_GIVEN RECORDS_:
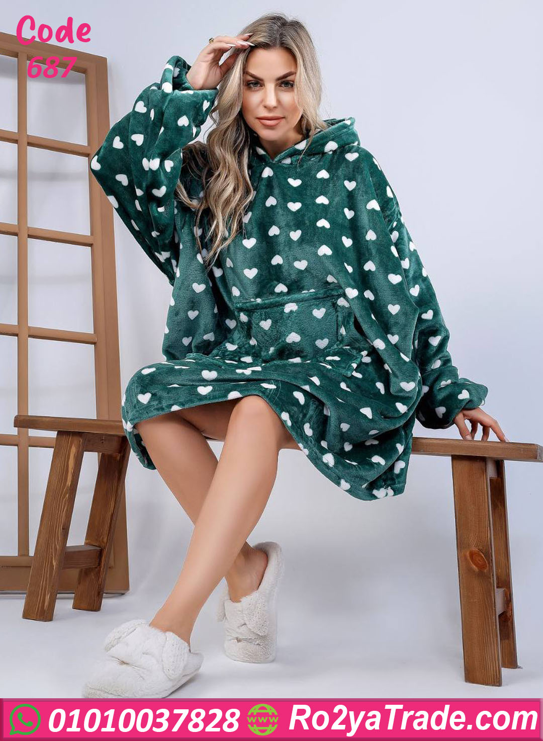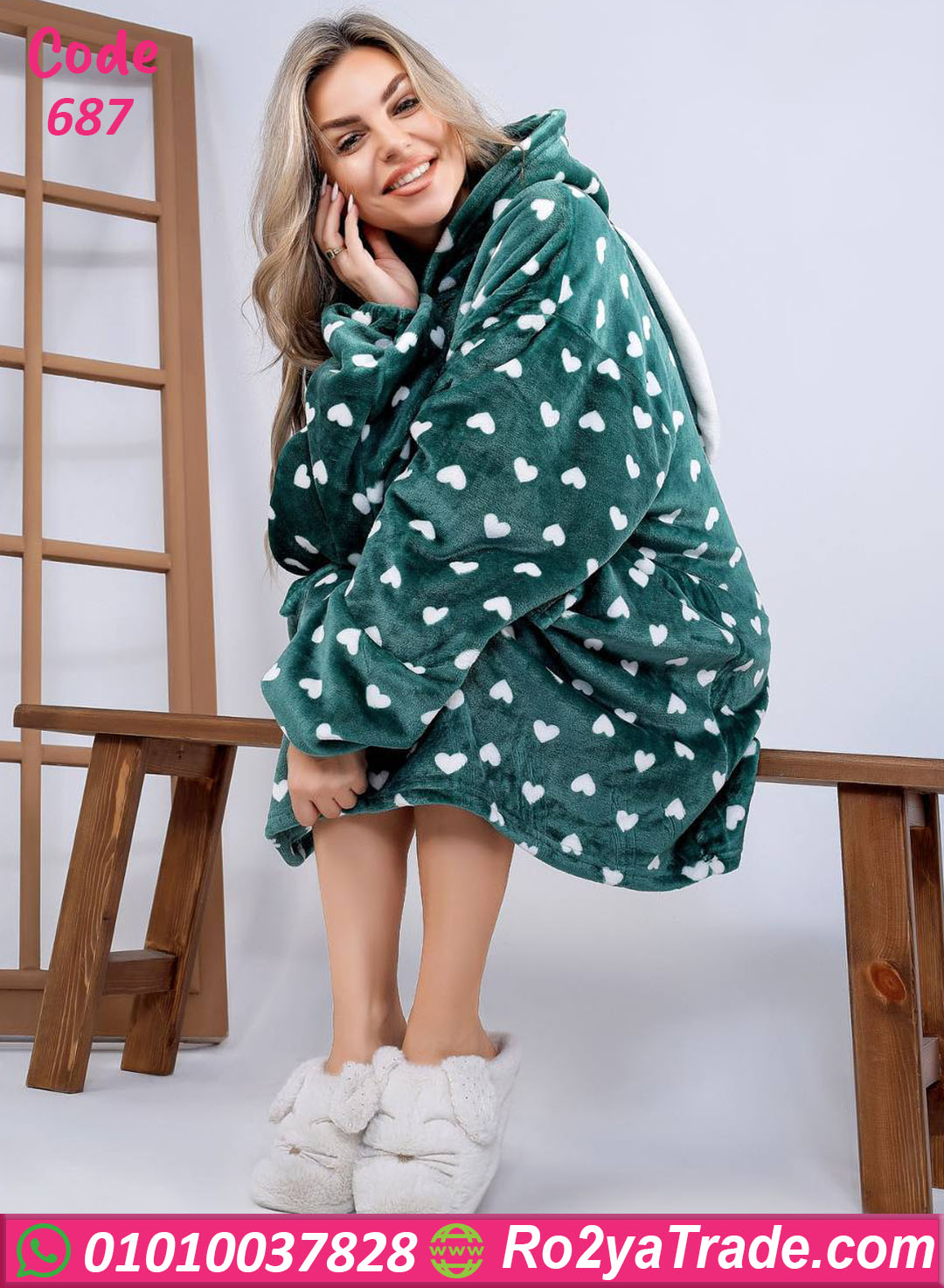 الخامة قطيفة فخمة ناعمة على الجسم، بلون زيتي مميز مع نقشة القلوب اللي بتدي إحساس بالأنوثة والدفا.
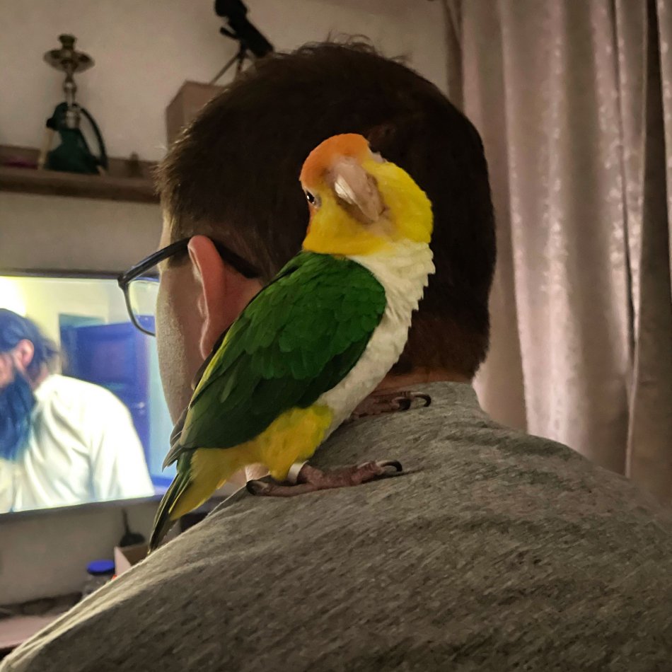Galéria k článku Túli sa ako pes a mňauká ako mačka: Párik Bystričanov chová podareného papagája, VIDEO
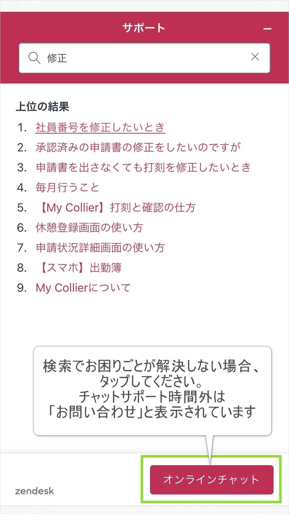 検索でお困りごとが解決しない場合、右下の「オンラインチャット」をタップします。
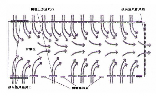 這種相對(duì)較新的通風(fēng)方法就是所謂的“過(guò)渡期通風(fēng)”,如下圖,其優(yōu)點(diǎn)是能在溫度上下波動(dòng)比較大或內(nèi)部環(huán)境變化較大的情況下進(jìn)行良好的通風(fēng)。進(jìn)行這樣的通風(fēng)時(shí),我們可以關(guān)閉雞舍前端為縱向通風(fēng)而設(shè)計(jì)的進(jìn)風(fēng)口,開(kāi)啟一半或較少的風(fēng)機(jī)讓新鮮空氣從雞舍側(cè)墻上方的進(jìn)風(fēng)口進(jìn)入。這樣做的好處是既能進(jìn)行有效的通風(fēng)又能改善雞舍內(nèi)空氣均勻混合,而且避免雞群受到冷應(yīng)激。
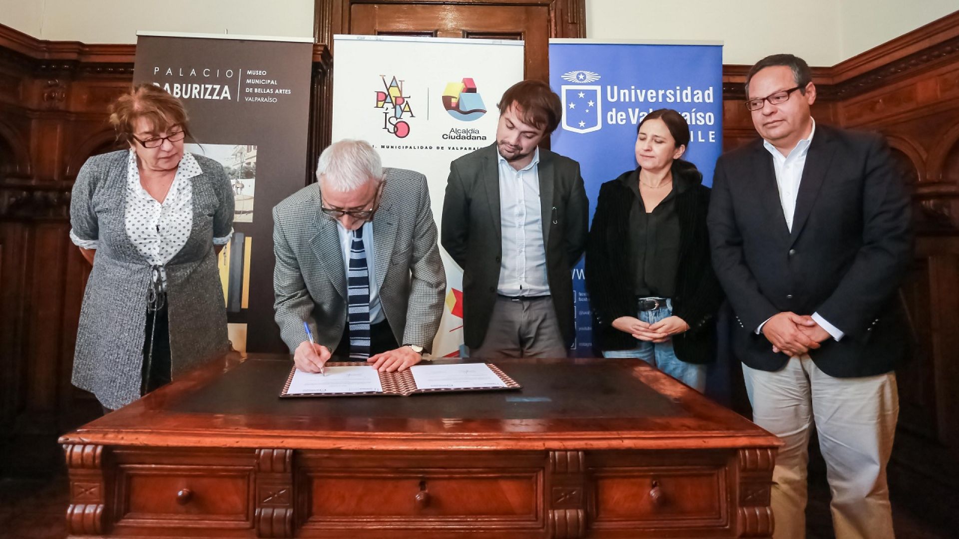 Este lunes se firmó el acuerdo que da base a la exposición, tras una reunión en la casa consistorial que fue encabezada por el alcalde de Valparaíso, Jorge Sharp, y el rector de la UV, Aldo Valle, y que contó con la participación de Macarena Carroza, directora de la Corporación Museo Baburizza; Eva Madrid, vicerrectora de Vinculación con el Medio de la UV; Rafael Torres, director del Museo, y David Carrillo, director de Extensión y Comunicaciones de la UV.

---

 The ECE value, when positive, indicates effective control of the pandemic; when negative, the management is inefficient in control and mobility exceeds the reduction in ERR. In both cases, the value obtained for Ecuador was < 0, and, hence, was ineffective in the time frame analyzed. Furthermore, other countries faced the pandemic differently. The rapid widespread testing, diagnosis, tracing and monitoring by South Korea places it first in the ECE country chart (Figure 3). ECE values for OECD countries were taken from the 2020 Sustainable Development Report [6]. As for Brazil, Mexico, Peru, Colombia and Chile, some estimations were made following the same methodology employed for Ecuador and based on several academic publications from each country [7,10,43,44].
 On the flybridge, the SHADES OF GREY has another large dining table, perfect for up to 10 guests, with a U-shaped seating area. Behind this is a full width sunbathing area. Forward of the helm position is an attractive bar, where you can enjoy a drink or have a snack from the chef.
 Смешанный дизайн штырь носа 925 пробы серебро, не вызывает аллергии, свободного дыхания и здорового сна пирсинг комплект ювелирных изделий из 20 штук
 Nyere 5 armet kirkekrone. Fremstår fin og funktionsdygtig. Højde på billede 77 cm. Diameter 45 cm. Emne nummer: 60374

==

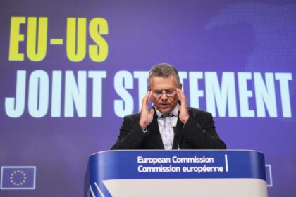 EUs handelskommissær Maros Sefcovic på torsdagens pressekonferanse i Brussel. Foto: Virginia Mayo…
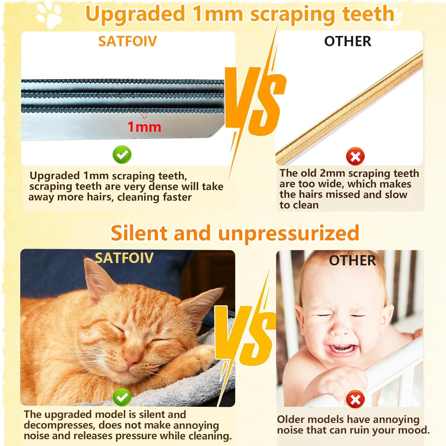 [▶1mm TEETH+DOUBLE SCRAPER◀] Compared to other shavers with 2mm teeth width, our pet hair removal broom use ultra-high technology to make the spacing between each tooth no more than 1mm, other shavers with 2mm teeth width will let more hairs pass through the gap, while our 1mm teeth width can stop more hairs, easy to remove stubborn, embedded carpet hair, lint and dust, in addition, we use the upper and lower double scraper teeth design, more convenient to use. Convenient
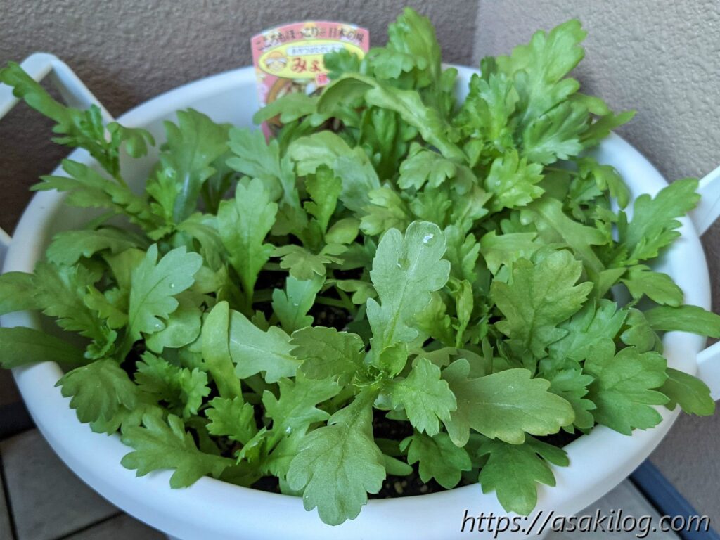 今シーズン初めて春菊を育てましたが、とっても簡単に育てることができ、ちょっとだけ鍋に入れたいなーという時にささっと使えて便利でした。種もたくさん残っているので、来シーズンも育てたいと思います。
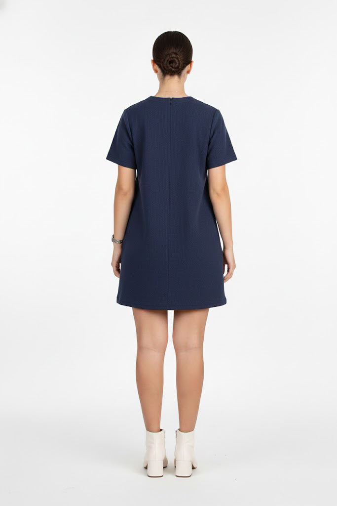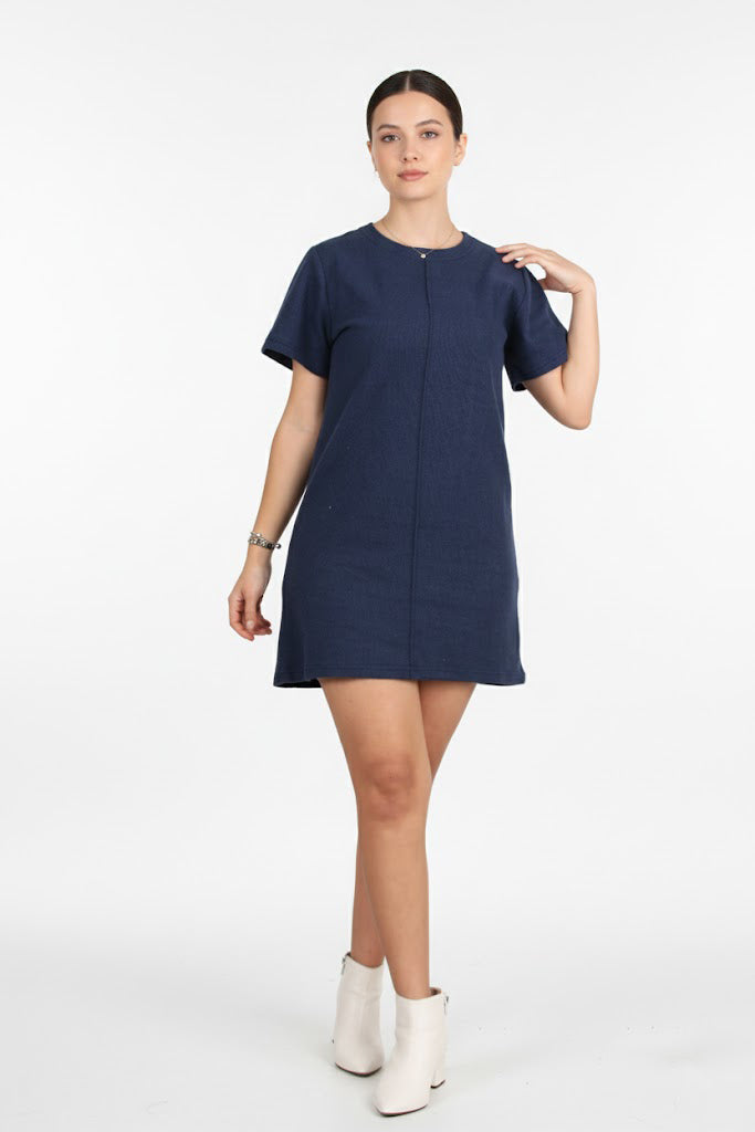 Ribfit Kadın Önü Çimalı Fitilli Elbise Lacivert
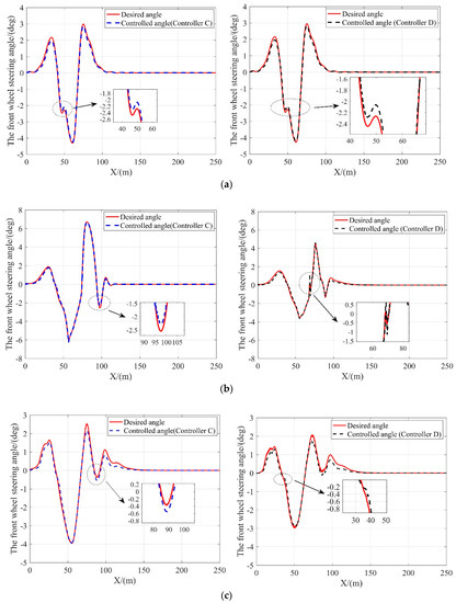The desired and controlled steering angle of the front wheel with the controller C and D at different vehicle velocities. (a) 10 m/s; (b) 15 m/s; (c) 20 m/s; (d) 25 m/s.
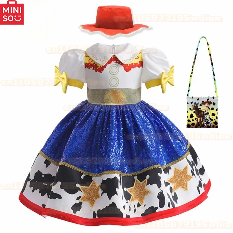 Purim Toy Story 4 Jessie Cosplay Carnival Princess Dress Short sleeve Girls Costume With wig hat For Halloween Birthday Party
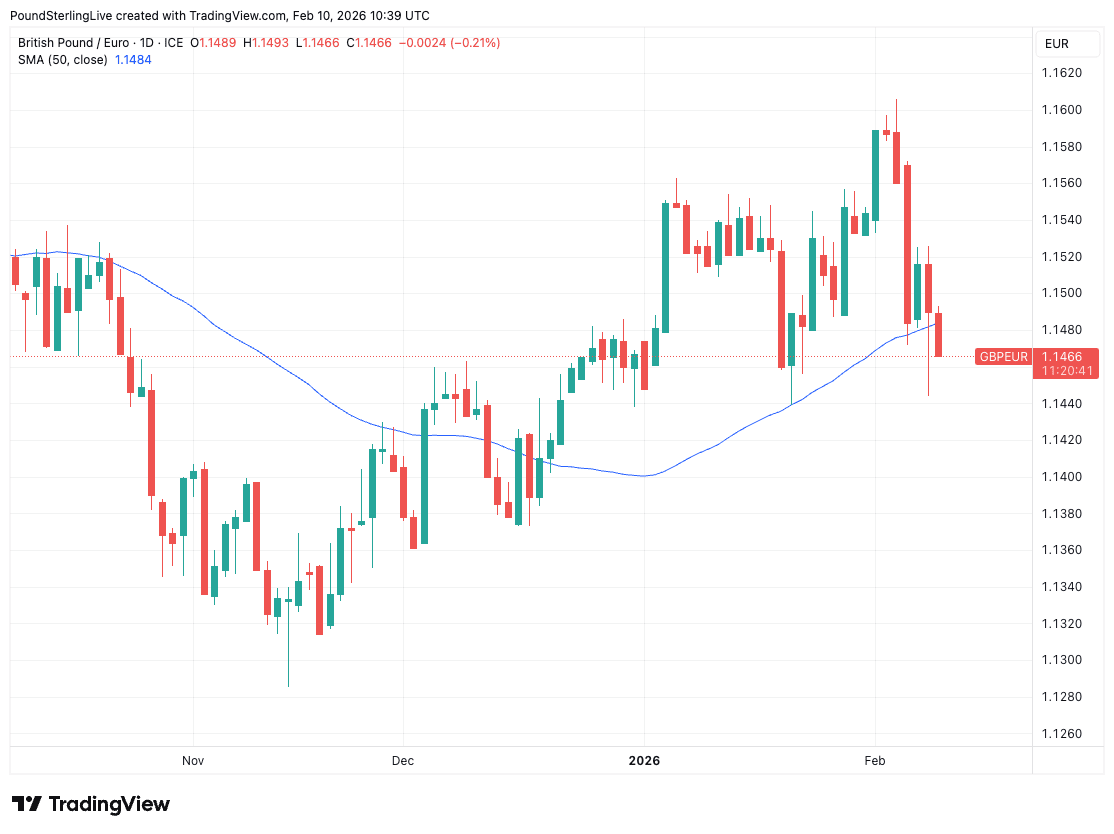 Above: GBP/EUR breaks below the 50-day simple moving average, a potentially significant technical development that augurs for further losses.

_EXERCISE AIM_: Please print the lines above word for word, starting at the one with "這種相對(duì)較新的通風" and ending at the one with "Este lunes se", both included, and without any picture.

_ANSWER TO THIS TASK_:
 這種相對(duì)較新的通風(fēng)方法就是所謂的“過(guò)渡期通風(fēng)”,如下圖,其優(yōu)點(diǎn)是能在溫度上下波動(dòng)比較大或內(nèi)部環(huán)境變化較大的情況下進(jìn)行良好的通風(fēng)。進(jìn)行這樣的通風(fēng)時(shí),我們可以關(guān)閉雞舍前端為縱向通風(fēng)而設(shè)計(jì)的進(jìn)風(fēng)口,開(kāi)啟一半或較少的風(fēng)機(jī)讓新鮮空氣從雞舍側(cè)墻上方的進(jìn)風(fēng)口進(jìn)入。這樣做的好處是既能進(jìn)行有效的通風(fēng)又能改善雞舍內(nèi)空氣均勻混合,而且避免雞群受到冷應(yīng)激。
 Este lunes se firmó el acuerdo que da base a la exposición, tras una reunión en la casa consistorial que fue encabezada por el alcalde de Valparaíso, Jorge Sharp, y el rector de la UV, Aldo Valle, y que contó con la participación de Macarena Carroza, directora de la Corporación Museo Baburizza; Eva Madrid, vicerrectora de Vinculación con el Medio de la UV; Rafael Torres, director del Museo, y David Carrillo, director de Extensión y Comunicaciones de la UV.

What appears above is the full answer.